What of the ‘welfare’ sectors which would directly impact the masses? We had a deep recession with GDP dipping by 24 percent in the first quarter of the current financial year following the covid crisis. Let us remind ourselves this came on top of an ongoing growth ‘slowdown’ and historically high unemployment rates. Consider the situation of the job losses and small business losses and the mass distress that it has brought. But the government seemed to be insensitive to all this and in its self-congratulatory mode has not only pandered to the corporates but made cuts in allocation to vital sectors. The migrant crisis showed the deep malaise in our economy and the poverty of the masses. To cope with massive unemployment following the lockdown crisis MNREGA allocations were increased to the tune of Rs. 1,11,500 crores in 2020-21 but it has been cut by a massive 34 percent to Rs. 73,000 crores in this budget! This when the economy is still in negative territory as far as growth is concerned and even growth would not lead to automatic restoration of jobs to the desired extent. Covid warriors like ASHA workers and others who bore a major responsibility in mitigating the crisis have not been compensated by increases in their entitlements. In fact the lack of entitlements in the budget has been widely praised as being bold and not populist! This is the abysmal level of callousness to which our economists and mainstream media have fallen! Education has been a big casualty in covid times with primary education being hit badly but allocation have been cut from Rs.99, 311 crores in 2020-21 to Rs.93,224 crores in this budget. In a year of farmers protests and distress’ allocation for PM Kisan has dropped from Rs.75,000 crores to Rs. 65,000 crores. That would mean reduced income support for farmers. Only the MUDRA scheme for micro businesses has seen an increase. Even MUDRA is slated to burden the balance sheet of banks with non-performing assets. This is how our economy is working, small business viability is at such a low level. The covid crisis revealed the state of our workers and informal workers in particular who had no savings to tide over even the period of the lockdown. The covid crisis has increased absolute poverty levels but the budget has no proposal to combat it except “growth” and the discredited “trickle down effect” of growth.
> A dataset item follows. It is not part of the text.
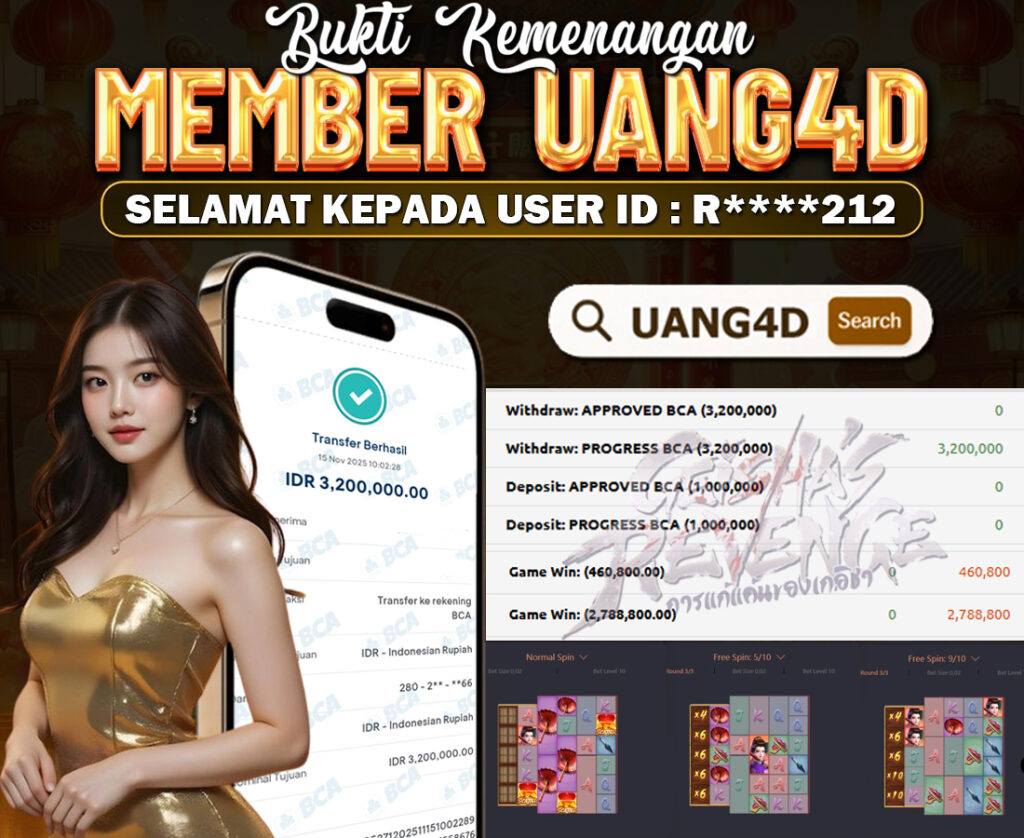 Jangan lewatkan kesempatan untuk meraih kemenangan besar. Daftar sekarang di UANG4D dan rasakan pengalaman bermain slot terbaik yang pernah ada! Putar gulungan, menangkan jackpot, dan jadilah bagian dari komunitas pemain sukses kami!

The budget has highlighted the massive increase in the health budget, an increase of 137 percent! This is again misleading as the main allocation on health and family welfare has increased by only 9.62 percent only. Further government health schemes are insurance based and such schemes are costly with poor outcomes. As far as epidemic control is concerned it is of little help. Public health schemes and public health infrastructure ought to be given a boost but experts hold that the allocation is measly as it is spread over six years. The covid crisis revealed the abysmal health infrastructure in our country and showed that the private sector is not to be trusted in such situations at all. Yet the realisation does not seem to have dawned upon the government wedded as it is to neo-liberal economics of privatisation and liberalisation. It is a budget which has revealed the class divide as never before with the government abdicating its responsibility to the people, the toiling masses and has shown the temerity to bypass all popular concerns in favour of the corporates. Yes, plutocracy has trumped democracy.